■ Task objective
Write out exactly, please, every line from the beginning of the entries to the line holding "I forced the", and no pictures.

■ Records excerpted from a collection
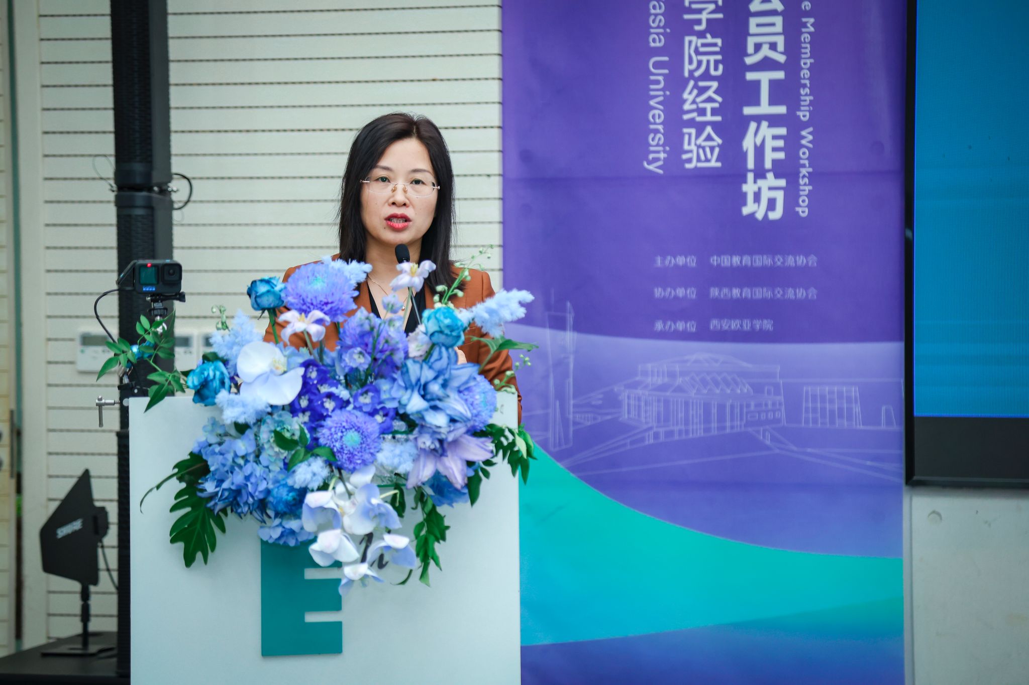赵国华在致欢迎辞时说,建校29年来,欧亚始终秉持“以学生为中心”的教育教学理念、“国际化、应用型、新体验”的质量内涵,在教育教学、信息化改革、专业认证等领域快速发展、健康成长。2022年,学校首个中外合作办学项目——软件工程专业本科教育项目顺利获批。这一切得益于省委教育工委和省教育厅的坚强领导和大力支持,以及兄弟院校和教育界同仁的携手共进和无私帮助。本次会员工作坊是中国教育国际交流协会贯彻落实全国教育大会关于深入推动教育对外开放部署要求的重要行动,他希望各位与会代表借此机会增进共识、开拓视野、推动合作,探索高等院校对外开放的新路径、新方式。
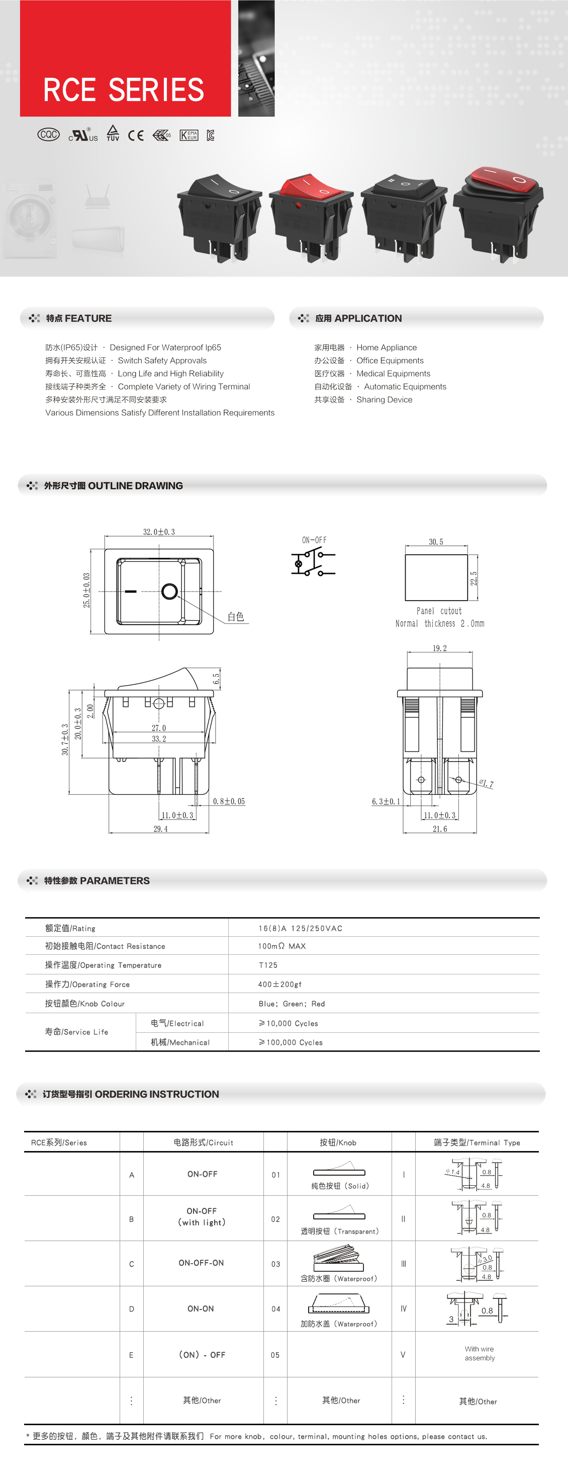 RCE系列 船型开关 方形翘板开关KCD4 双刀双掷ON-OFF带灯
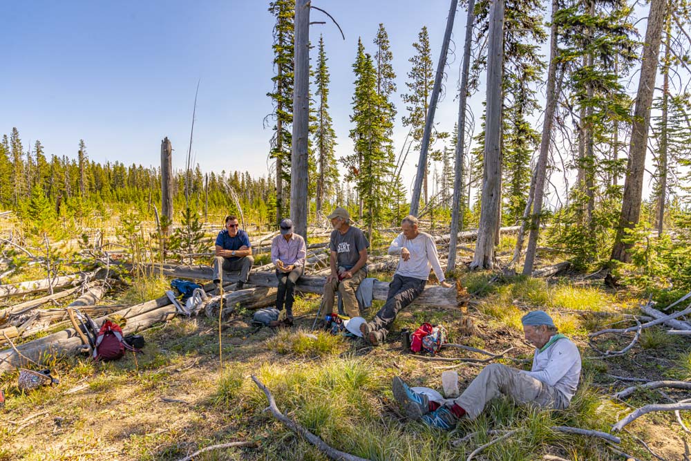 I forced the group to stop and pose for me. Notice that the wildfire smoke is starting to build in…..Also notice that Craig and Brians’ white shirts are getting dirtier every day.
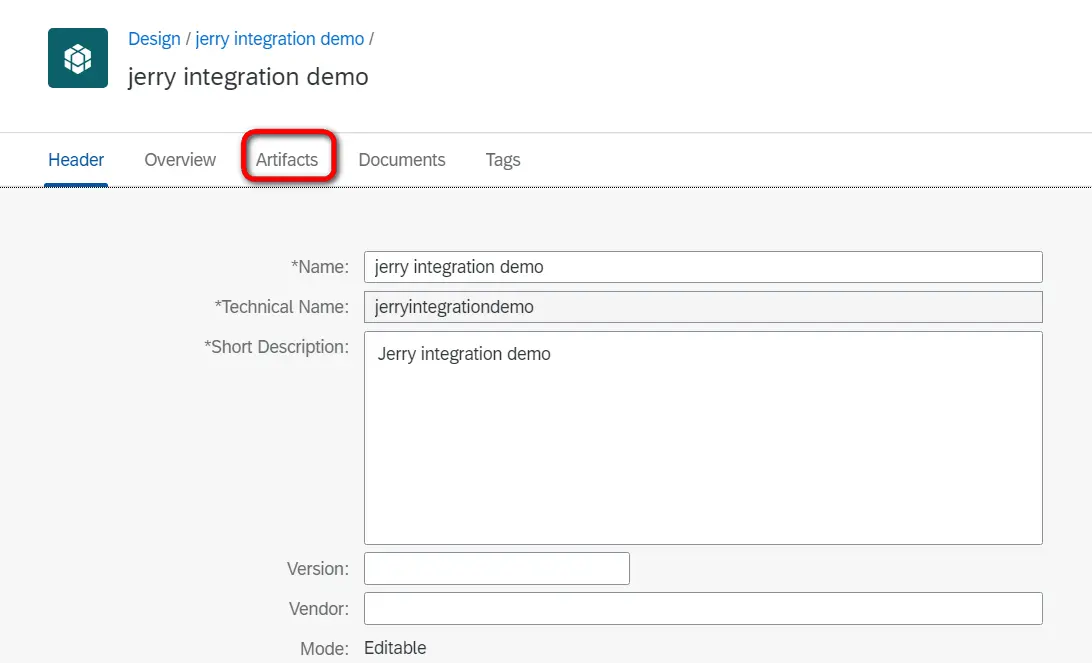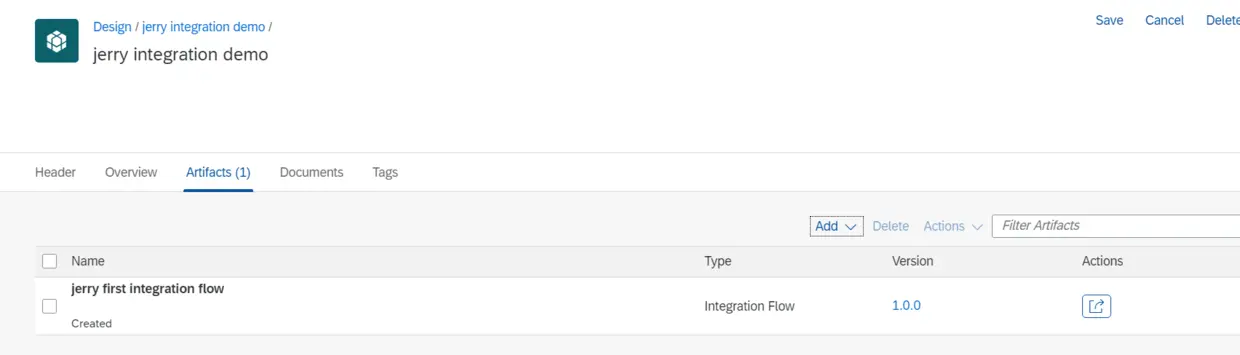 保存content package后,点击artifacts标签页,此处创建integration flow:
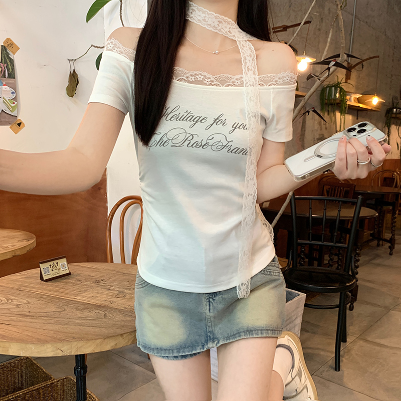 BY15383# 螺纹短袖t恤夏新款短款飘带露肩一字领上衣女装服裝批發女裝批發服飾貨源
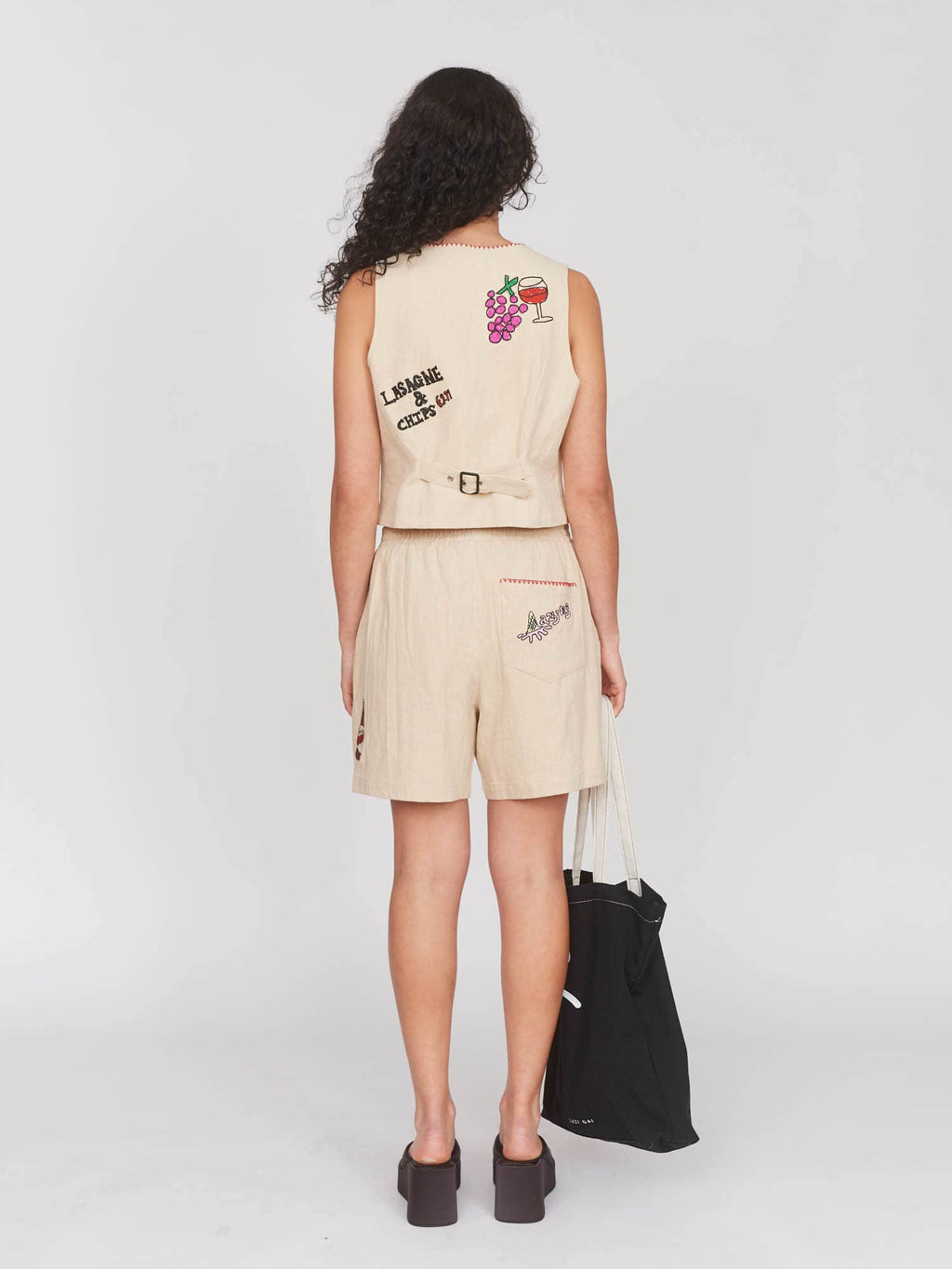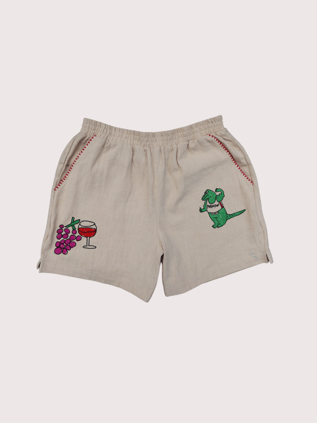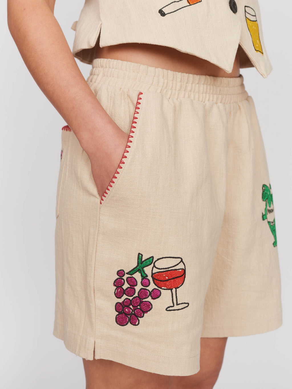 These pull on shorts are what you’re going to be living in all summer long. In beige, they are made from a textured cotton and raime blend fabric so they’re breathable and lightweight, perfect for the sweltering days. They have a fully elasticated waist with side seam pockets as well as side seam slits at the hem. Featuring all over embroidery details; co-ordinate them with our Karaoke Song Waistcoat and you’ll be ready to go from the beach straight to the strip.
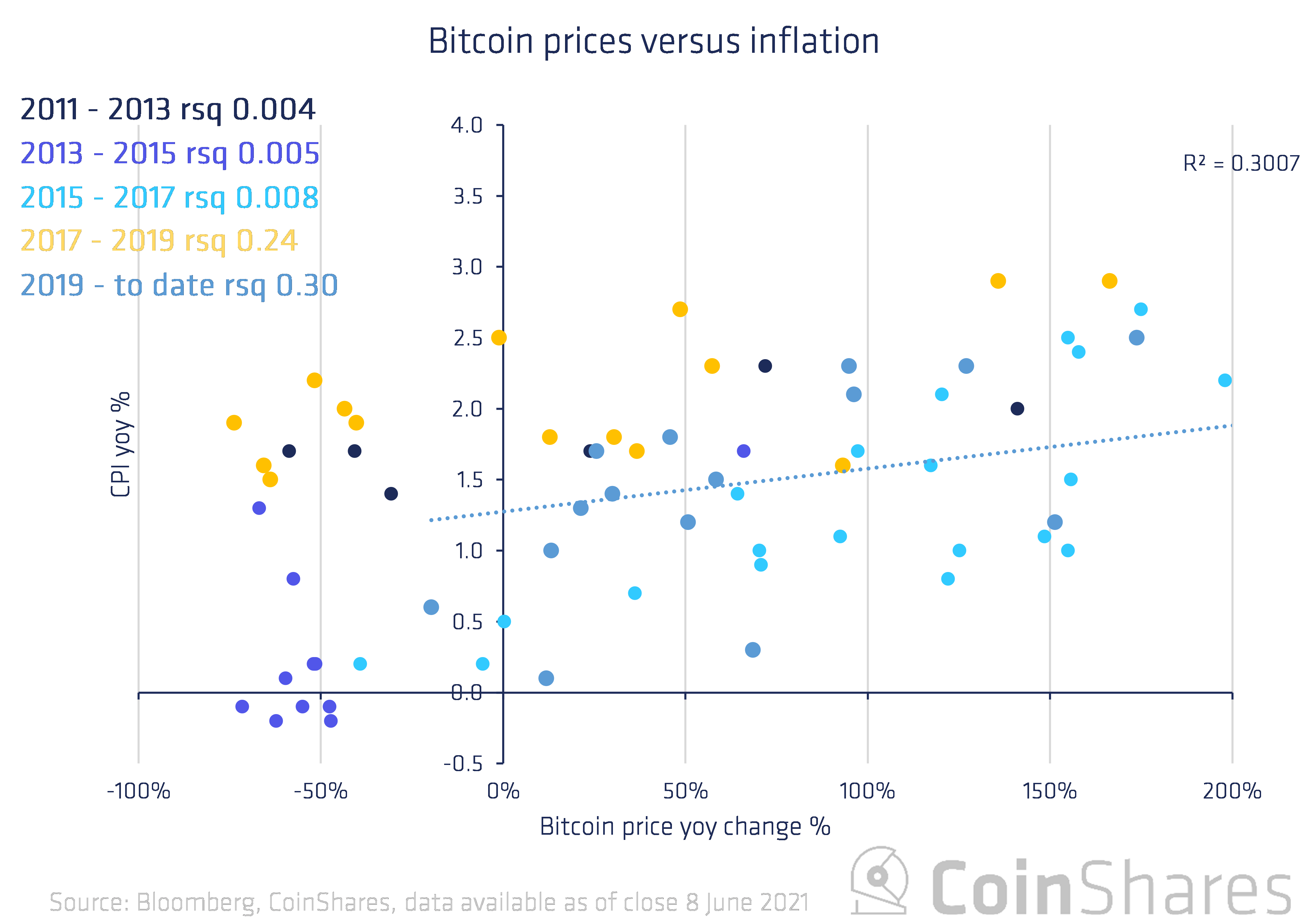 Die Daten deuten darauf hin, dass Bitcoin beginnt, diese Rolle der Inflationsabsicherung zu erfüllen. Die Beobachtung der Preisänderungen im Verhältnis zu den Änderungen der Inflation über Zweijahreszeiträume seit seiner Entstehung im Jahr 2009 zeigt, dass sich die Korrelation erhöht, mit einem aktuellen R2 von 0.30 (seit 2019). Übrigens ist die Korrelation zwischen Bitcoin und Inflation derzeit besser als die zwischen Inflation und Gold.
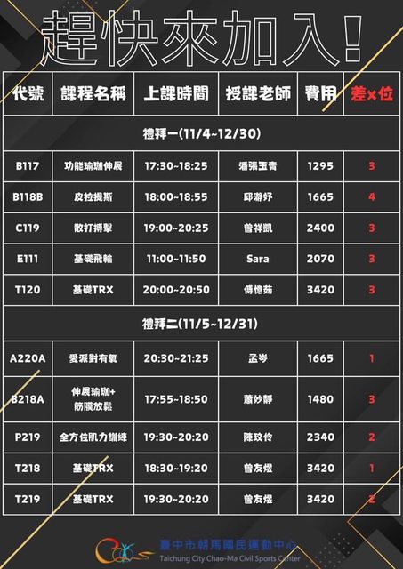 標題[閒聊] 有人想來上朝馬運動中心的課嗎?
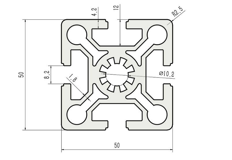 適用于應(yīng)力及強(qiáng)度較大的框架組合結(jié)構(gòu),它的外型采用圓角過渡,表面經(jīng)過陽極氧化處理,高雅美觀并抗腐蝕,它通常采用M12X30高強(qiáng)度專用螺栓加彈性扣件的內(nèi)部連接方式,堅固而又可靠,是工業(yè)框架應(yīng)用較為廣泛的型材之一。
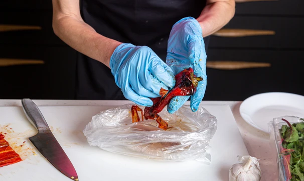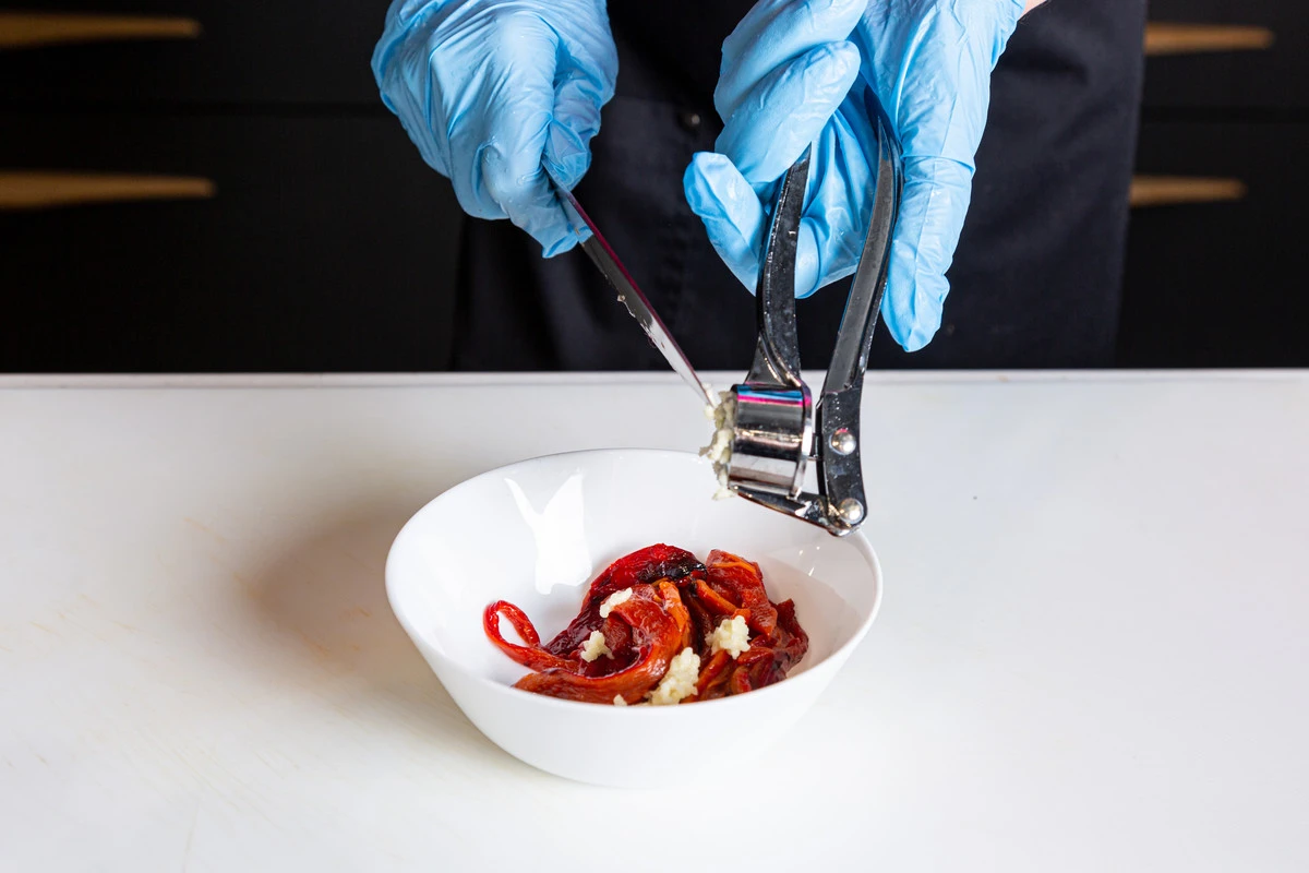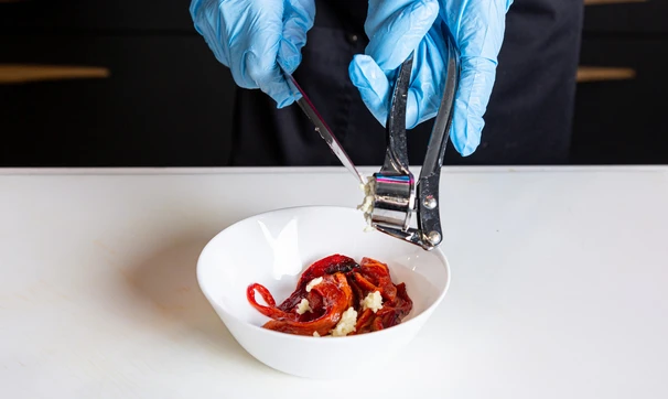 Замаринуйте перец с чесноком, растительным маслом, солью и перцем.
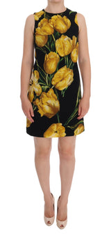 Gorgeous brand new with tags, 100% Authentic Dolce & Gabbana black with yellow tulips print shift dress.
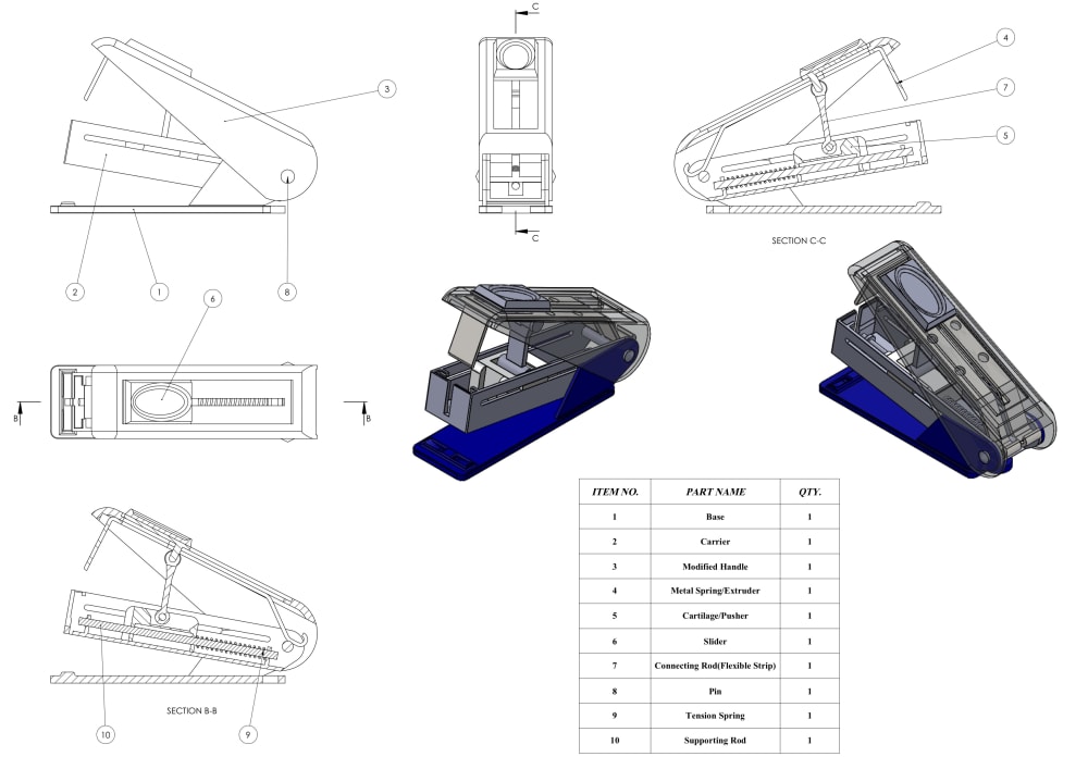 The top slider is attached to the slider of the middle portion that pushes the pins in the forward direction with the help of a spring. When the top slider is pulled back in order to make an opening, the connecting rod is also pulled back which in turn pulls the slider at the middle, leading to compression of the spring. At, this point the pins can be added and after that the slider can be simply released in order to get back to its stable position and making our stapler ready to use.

■ Response below
赵国华在致欢迎辞时说,建校29年来,欧亚始终秉持“以学生为中心”的教育教学理念、“国际化、应用型、新体验”的质量内涵,在教育教学、信息化改革、专业认证等领域快速发展、健康成长。2022年,学校首个中外合作办学项目——软件工程专业本科教育项目顺利获批。这一切得益于省委教育工委和省教育厅的坚强领导和大力支持,以及兄弟院校和教育界同仁的携手共进和无私帮助。本次会员工作坊是中国教育国际交流协会贯彻落实全国教育大会关于深入推动教育对外开放部署要求的重要行动,他希望各位与会代表借此机会增进共识、开拓视野、推动合作,探索高等院校对外开放的新路径、新方式。
 RCE系列 船型开关 方形翘板开关KCD4 双刀双掷ON-OFF带灯
 I forced the group to stop and pose for me. Notice that the wildfire smoke is starting to build in…..Also notice that Craig and Brians’ white shirts are getting dirtier every day.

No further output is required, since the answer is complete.